Cell Death and Disease ◽

10.1038/s41419-020-03127-z ◽

2020 ◽

Vol 11 (10) ◽

Cited By ~ 1

Author(s):

Yizhuo Wang ◽

Meng Zhao ◽

Shuyun Liu ◽

Jun Guo ◽

Yanrong Lu ◽

...

Keyword(s):

Extracellular Vesicles ◽

Tissue Repair ◽

Biological Function ◽

Inflammatory Diseases ◽

Innate Immune ◽

Bioactive Molecules ◽

Live Cells ◽

Therapeutic Effects ◽

Innate Immune Cells ◽

Beneficial Effects

Abstract Macrophages (Mφ) are primary innate immune cells that exhibit diverse functions in response to different pathogens or stimuli, and they are extensively involved in the pathology of various diseases. Extracellular vesicles (EVs) are small vesicles released by live cells.
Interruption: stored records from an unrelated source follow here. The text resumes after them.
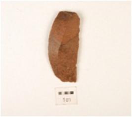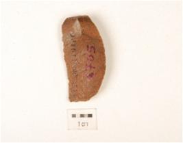 | Description / विवरण | Knife shaped blade, made on chert, ridge on dorsal surface, use wear edges, prominent bulb on ventral surface. |
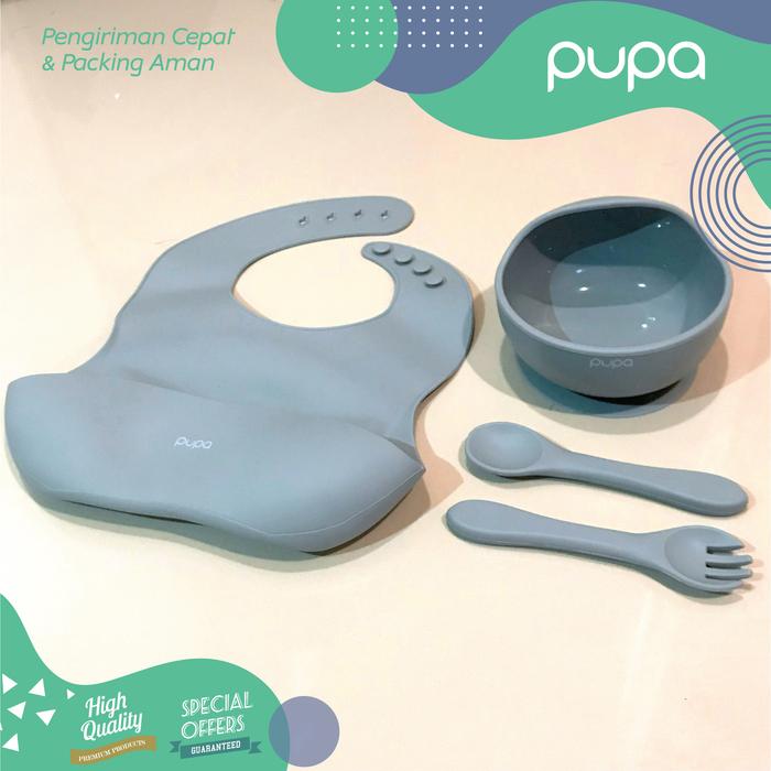 BABY FEEDING SILICONE ALAT MAKAN SET BAYI SILIKON BIB, CELEMEK SET BOWL GARPU - 3IN1 SET CREAM
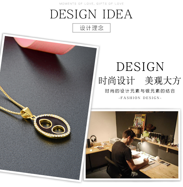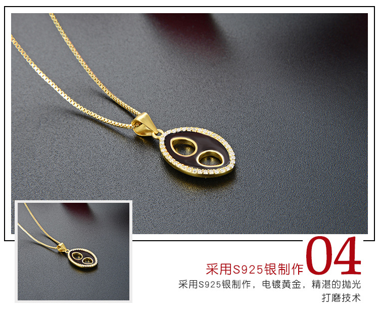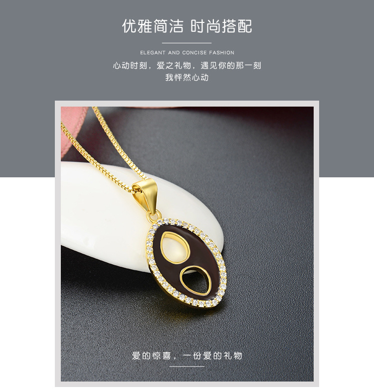 Transfronterizo nuevo 925 plata esterlina colgante de goteo de aceite elíptico collar de piedra de la mujer moda europea y americana cadena de clavícula
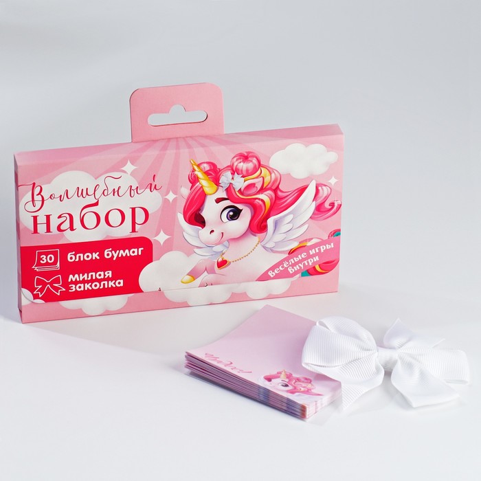 Подарочный набор в чемоданчике: заколка и блок листов « Волшебный Подарочный набор с единорогом» - товар, который Вы можете приобрести в нашем интернет-магазине. Заказ могут оформить как юридические, так и физические лица. Бесплатная доставка по Астане, также, отправляем по РК.
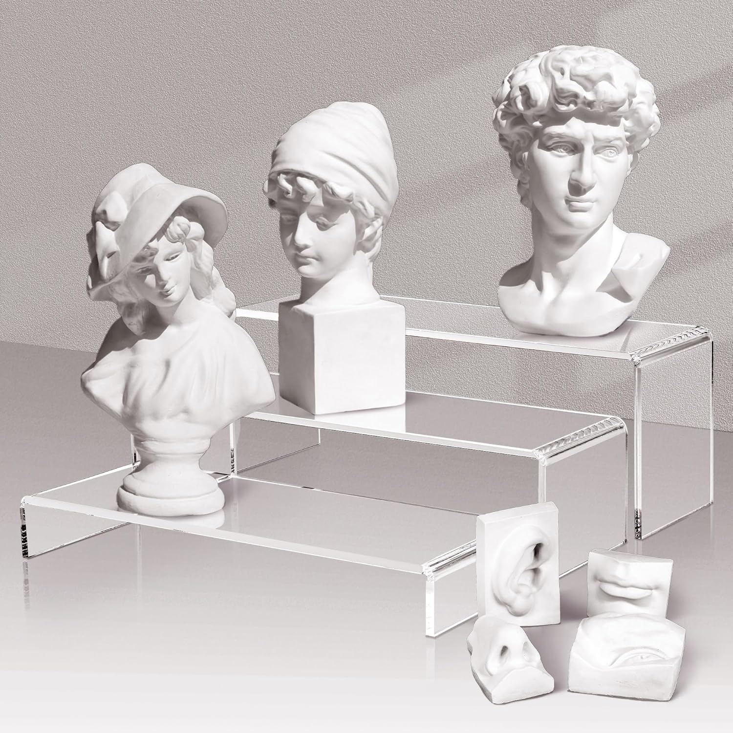 - 【MULTIPLE DISPLAY LAYERS】 Includes 3 pack of acrylic risers. Available in 3 different sizes (Small: 11" L x 4" W x 1.5" H, Medium: 11.5" L x 4" W x 3" H, Large: 12" L x 4" W x 4.5" H). 3 different heights can be displayed together like steps, or can be arranged individually or staggered. You can use your imagination and combine them freely. 4" width accommodates more and larger items
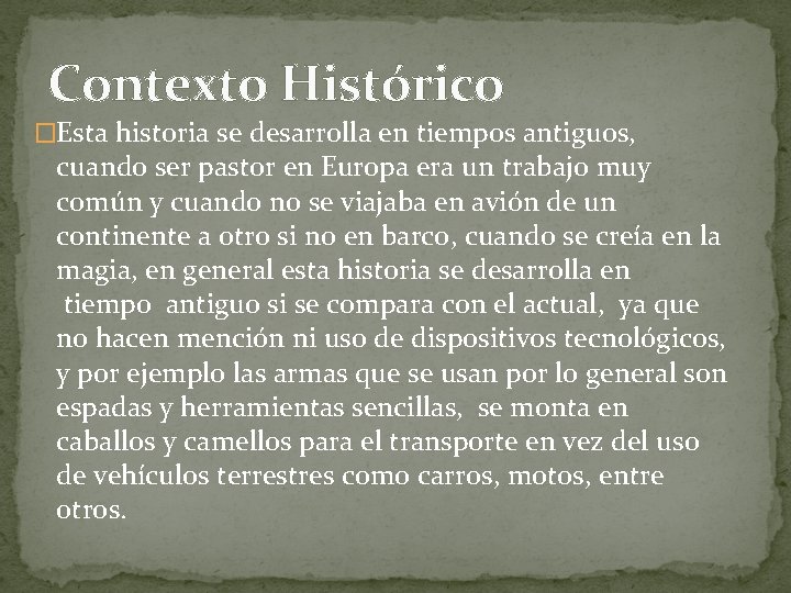Contexto Histórico �Esta historia se desarrolla en tiempos antiguos, cuando ser pastor en Europa era un trabajo muy común y cuando no se viajaba en avión de un continente a otro si no en barco, cuando se creía en la magia, en general esta historia se desarrolla en tiempo antiguo si se compara con el actual, ya que no hacen mención ni uso de dispositivos tecnológicos, y por ejemplo las armas que se usan por lo general son espadas y herramientas sencillas, se monta en caballos y camellos para el transporte en vez del uso de vehículos terrestres como carros, motos, entre otros.
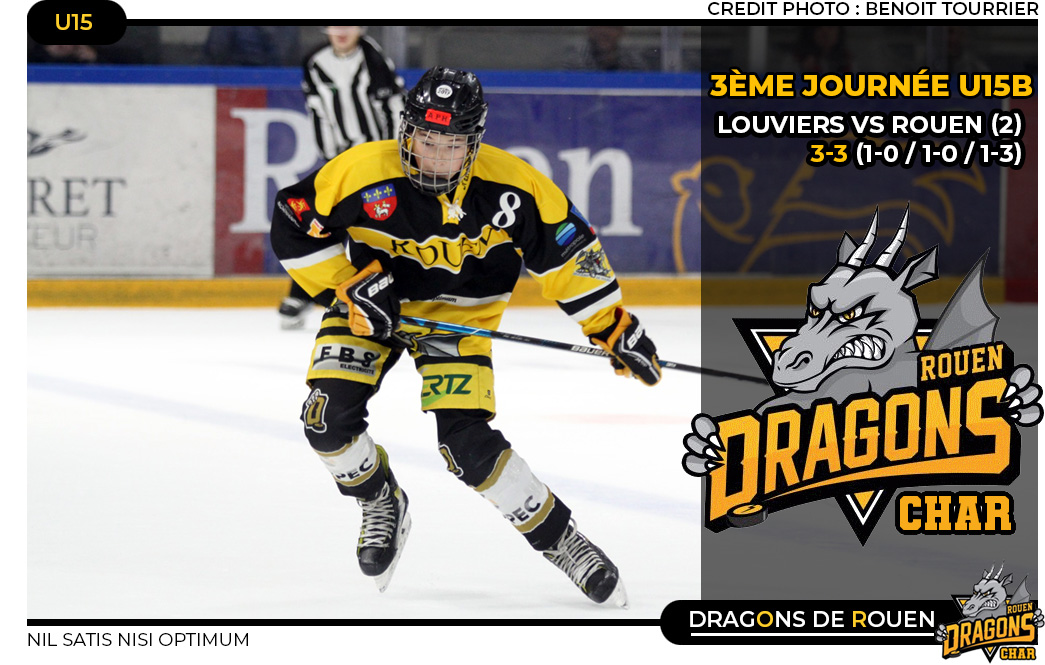 Alors que l'on retrouvera ce même duo sur le troisième but de Louviers à quasiment dix minutes de la fin du match, auparavant, les Dragons trouveront enfin les ressources nécessaires pour toucher cible et mettre à mal l'arrière-garde des canidés. Et dans ce domaine, c'est l'attaquant Enzo Quitteville qui se montrera le plus besogneux et le plus vertueux. Assisté par deux fois de Noé Lebunetelle, l'attaquant rouennais, par deux fois, catapultait avec résolution le palet au fond des filets lovériens (41'09 & 48'01) Retour à parité. 2-2 à douze minutes de la sirène finale. Volontaires et désireux de ne pas se laisser ainsi tancer, les locaux réagiront aussitôt par leur infernal duo, cette fois, Pacôme Allain alimentant Timéo Quichon pour le 3-2 lovérien (48'33) Là encore, les Dragons Rouennais n'abdiqueront pas et feront en sorte de souhaiter un joyeux anniversaire à leur défenseur Tilio Cudicio en allant arracher l'égalisation à 3-3 à moins de dix minutes de la fin de la partie (50'19) Du temps restant il ne sera pas question d'autre but mais pour les deux équipes l'essentiel n'était pas là, il était plutôt dans cette volonté farouche de tout donner sur la glace et en cela la rencontre des deux équipes sera une parfaite réussite.
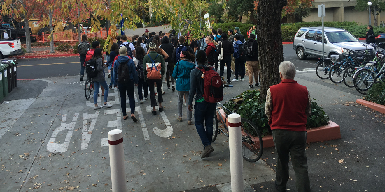 The students convened in the courtyard outside of Serra house in Stern Hall and walked down Galvez Mall to President Marc Tessier-Lavigne’s office in the Main Quad, where they presented letters of discontent to administrators.
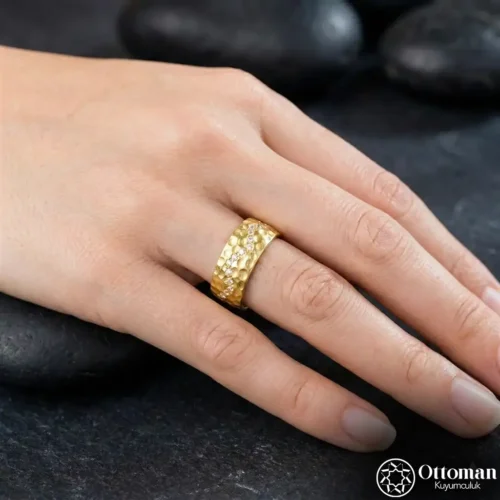Bombeli Gravürlü Gümüş Kadın Alyans

As vital messengers, macrophage-derived EVs (Mφ-EVs) can transfer multiple types of bioactive molecules from macrophages to recipient cells, modulating the biological function of recipient cells. In recent years, Mφ-EVs have emerged as vital mediators not only in the pathology of multiple diseases such as inflammatory diseases, fibrosis and cancers, but also as mediators of beneficial effects in immunoregulation, cancer therapy, infectious defense, and tissue repair. Although many investigations have been performed to explore the diverse functions of Mφ-EVs in disease pathology and intervention, few studies have comprehensively summarized their detailed biological roles as currently understood. In this review, we briefly introduced an overview of macrophage and EV biology, and primarily focusing on current findings and future perspectives with respect to the pathological and therapeutic effects of Mφ-EVs in various diseases.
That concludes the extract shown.